Getting only numbers, in SAS and Javascript
The advantage of learning a new language is it sometimes makes you re-think the old languages you know. For example, here is a problem that happens often:
Some people are morons.
For example, say I were to ask you the following question:
“How old are you?”
YOU would probably answer something like, 42 or 21. You didn’t mistake that for an essay question, now, did you? That, my dear reader, is because YOU are not a moron.

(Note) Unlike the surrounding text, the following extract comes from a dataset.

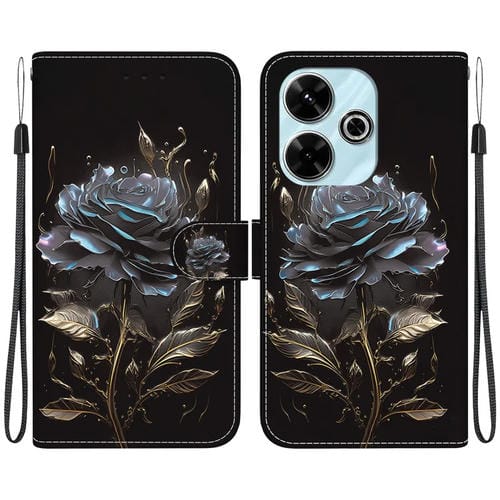 Para Xiaomi Redmi 13 4G Funda de Cuero para Teléfono con Dibujo Coloreado con Textura de Cristal (Rosa Negra)

However, trust me when I tell you that other people are not as smart as you.
A rather annoying percentage of people enter responses along the lines of:
I am 47 years old.
I just turned 21. Happy Birthday to me.
36 years
87 (yes, eighty-seven)
54 yrs.
and so on ….
Just using the sub-string function to read in the first two characters won’t work, obviously.
Well, I was doing something in javascript where I asked the person their age and then stripped off everything but numbers before I tried to use the age they had given me, like so:
var age = prompt(“How old are you?”) ;
var ageyears = age.replace(/[\D]/g, ”);
Usually, in my SAS programs, I would either just define age as a numeric variable and all of those who included text had their values set to missing. Or, if I wanted to minimize missing data, I would write a statement to just read in the first two characters, or maybe to strip out “years” and “yrs”. However, in the latest data set I have, it seems to be a sample of people who are creatively annoying, so I had to settle for a lot of missing data or do something else. I got to thinking that there MUST be some function in SAS that does something similar.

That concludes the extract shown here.